The ratio of the market capitalization of all stocks to GDP, sometimes called the Buffett Indicator, has risen from 41.9 percent in 1981 to 205.6 percent most recently. Forty years ago, nominal GDP was $3.12 trillion. Most recently, it was $21.5 trillion. Multiplying, the market capitalization in 1981 was $1.31 trillion, and today it stands at $44.2 trillion.
Arithmetically, the increase in the ratio of stock market values to GDP has two sources. One is an increase in the ratio of corporate profits to GDP. The other component is the ratio of stock prices to profits, what we might call the valuation ratio. I think of it as measured in years, meaning the number of years it will take for companies to earn the profits to justify their share values.
In 1981, corporate profits were $0.245 trillion. More recently, they were $2.35 trillion. In 1981, profits were 7.84 percent of GDP. More recently, profits were 10.93 percent of GDP.
In 1981, the valuation ratio was $1.31 trillion/ $0.245 trillion, or 5.35 years. More recently, the valuation ratio was $44.2 trillion/$2.35 trillion, or 18.8 years. Had the valuation ratio remained at 5.35 years, the market capitalization of stocks today would be only $12.6 trillion. Imagine your favorite stock index at less than 1/3 of its current level.
In short, most of the increase in the market capitalization of stocks over the past 40 years does not come from higher overall profits. Most of the increase comes from extending the number of years that investors are willing to pay for profits.
Does the spectacular rise in the valuation ratio, from 5.35 years in 1982 to 18.8 years today, mean that it is too high? If you think that it will revert to some historical mean value, then you would say yes. But if you compare it to the way that real interest rates have behaved, then you would say no. In 1981, the inflation-adjusted interest rate on the 10-year U.S. Treasury bond was at least 2-1/2 percent. Today, this inflation-adjusted interest rate is below zero. At such an interest rate, stocks are cheap as long as corporations are earning any profits at all.
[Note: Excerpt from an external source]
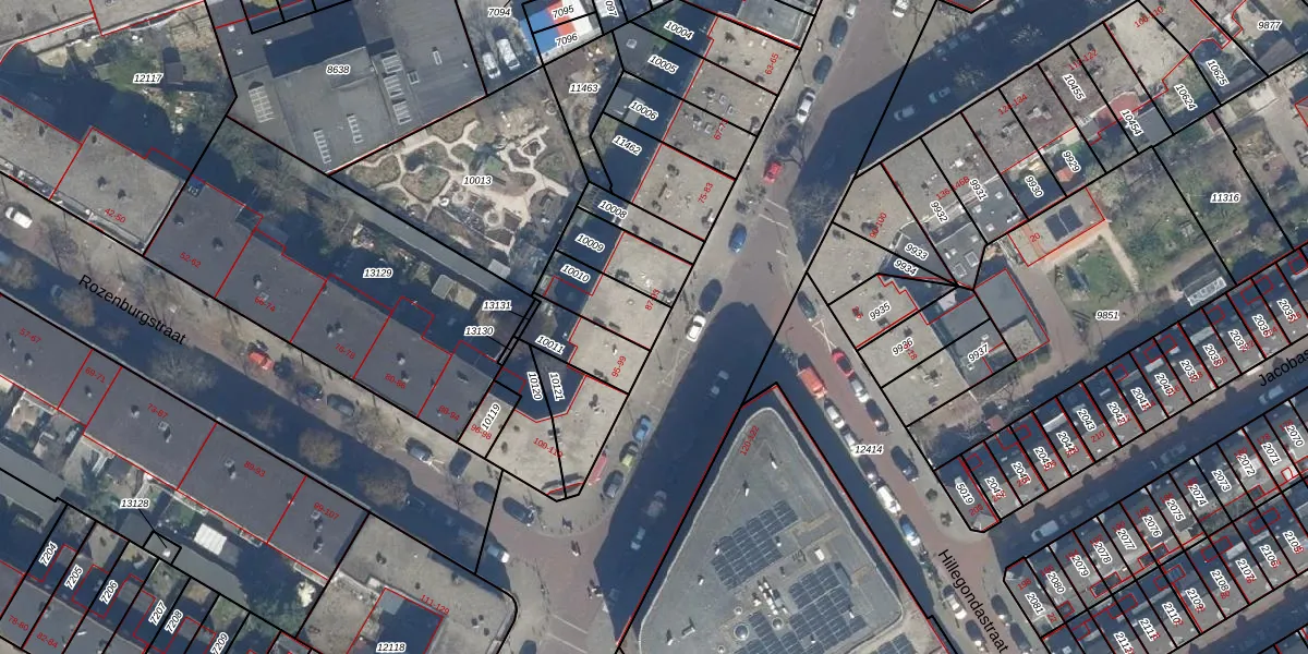 Het perceel waarop het adres ligt is GVH08-L-10010. De afkorting 'GVH08' staat voor kadastrale gemeente 's-Gravenhage. Het perceel is kleiner dan gemiddeld in 's-Gravenhage. Het perceel is 147 m² groot, terwijl het gemiddelde ligt op 468,2 m². Het grootste perceel in de kadastrale gemeente is 3,8 ha. Het kleinste perceel heeft een oppervlakte van 0 m². Op het perceel zijn 3 adressen aanwezig. De huidige grenzen van het perceel zijn digitaal in de Basisregistratie Kadaster (BRK) geregistreerd op 08-10-2007.

I think that negative real interest rates are a sign that financial markets are out of whack. If I am right about this, then at some point interest rates will climb, and this may finally put in an end to forty years of increasing stock market valuations. If I am wrong about this, and low or negative real interest rates are with us indefinitely, then stock market valuations ought to be even higher than they are today.
We've trained the population to expect that prices will increase at 2% annually, while a diversified portfolio will increase 6+% (with little risk and a central-bank safety net). I believe this creates the perception that utility of saving exceeds that of consumption.
Add government and central bank backstops to financial asset values and you end up with a stock of "wealth" that greatly exceeds the size of the economy. This creates negative real rates, pushes down future returns on all financial assets, etc. The big losers will be those just beginning to accumulate assets - we've essentially engineered a massive one-time wealth transfer to people who accumulated assets years/decades ago.
With $2.35T in profits (likely to grow as the economy ramps back up) and a market price of $44.2T you have an earnings yield of 5.3%. Compared to the 1.24% yield on a 10 year U.S. bond, that doesn't seem all that crazy.